A pair of white sneakers worn by the dead teenager was hanging from a power line running parallel to the road. We were told this is a common ritual performed whenever a dangerous criminal is killed as a sign of ‘honour among thieves’.
“That is a ritual around here when a gang member is killed. We know the boys very well. The one who survived is a Form Two student at St Andrews Secondary while his friend who was killed was also a student, but dropped out sometime last year,” a boda boda operator revealed.
The operator adds, “The gang involves young boys who usually train at night on how to snatch stuff like handbags and phones. One of them walks beside the road with a phone while two others follow on a motorbike to perform a mock snatch. They do that to sharpen their skills.”
Another source intimated that those who have perfected the art hire motorbikes to execute their missions.
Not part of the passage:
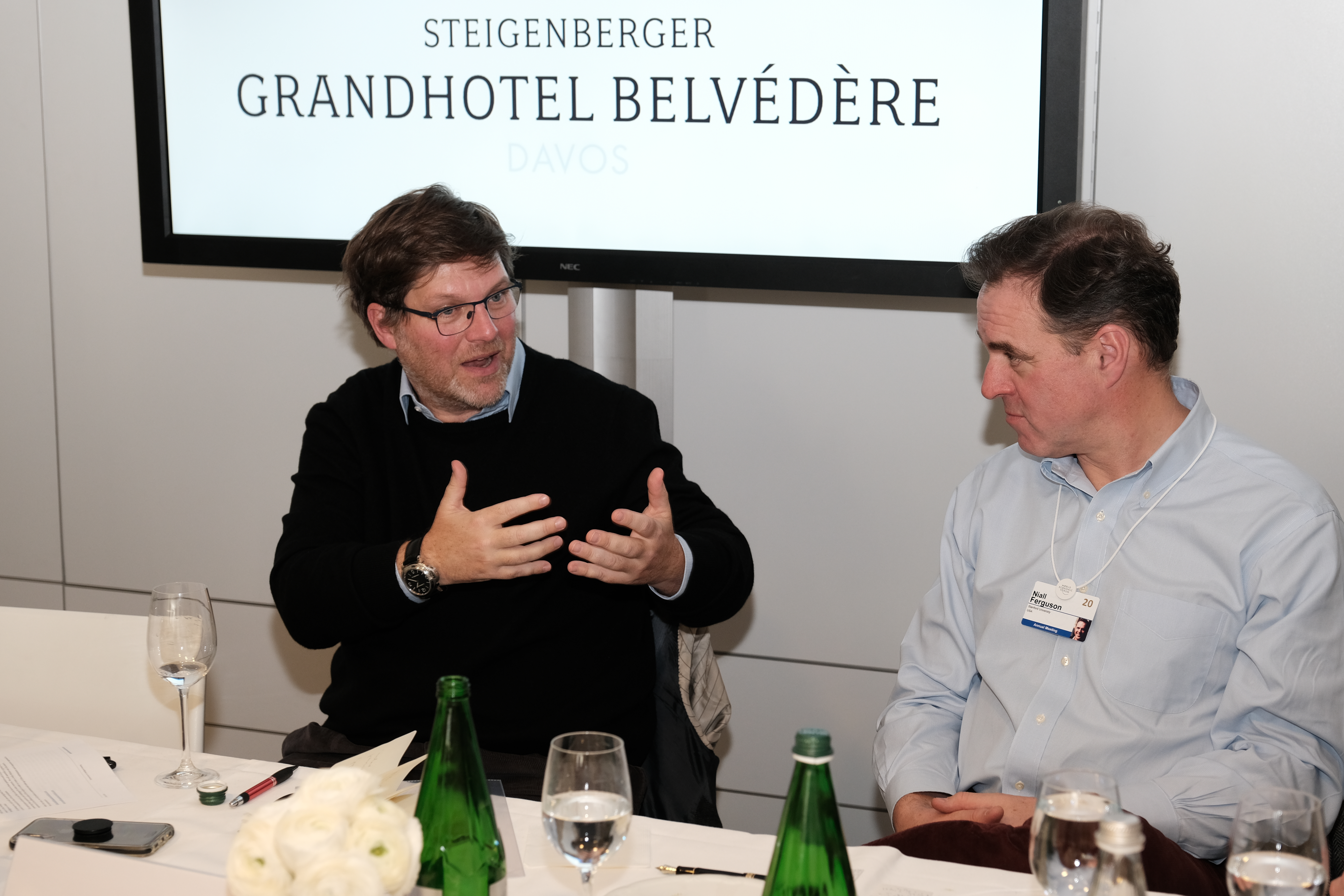 Guy Spier speaks with Niall Ferguson during the World Economic Forum

They pay between Sh500 and Sh1,000 a day to the unsuspecting motorbike owners. They then use the motorbikes for snatching missions within the city.
Our sources indicate that the teen gang is spread out in the city. “They operate as far as Karen, Lavington, Kilimani and sometimes prowl along Argwings Kodhek Road.”
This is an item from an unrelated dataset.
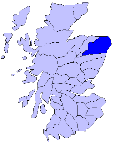 Map showing roughly the district of Buchan in Scotland.

When The Standard traced the remaining boy’s mother deep in the sprawling Kawangware slums on Tuesday evening, she was still mourning the tragedy that befell her son. “He is my son; he was supposed to join Form Two next week. I don’t know about the one who died. My son is recovering well, that’s all I can say for now.”
Too pained to talk anymore, the mother abandoned our interview. She was in the company of a friend who was comforting her. We traced the owner of the ill-fated boda boda at Muthangari police station. His motorcycle was impounded and he, too, was later arrested on suspicion that he had hired it out to thieves.
The boda boda owner told The Standard that he was a tenant in one of the houses owned by one of the teenager’s family. “The boy called me around 11 am while I was preparing to leave home and told me he wanted my motorbike to use with someone. When I stepped out, he had already picked the bike from where I usually park it,” he claimed.
According to him, his landlord’s son “usually borrows the motorbike on Sundays to treat his girlfriend. Sometimes he pays me Sh1,500 for me to take them around. On this day, I was called by police to come to the station after the incident.”
An officer at the station, however, said they are holding the suspect to explain his relationship with the teenagers.
According to the police, the gangs involving teens are on the rise.
“They are very dangerous not only here, but also in other places. It is unfortunate that young boys are killed this way. Parents should closely monitor their children now because we are in an unforgiving society,” said the officer.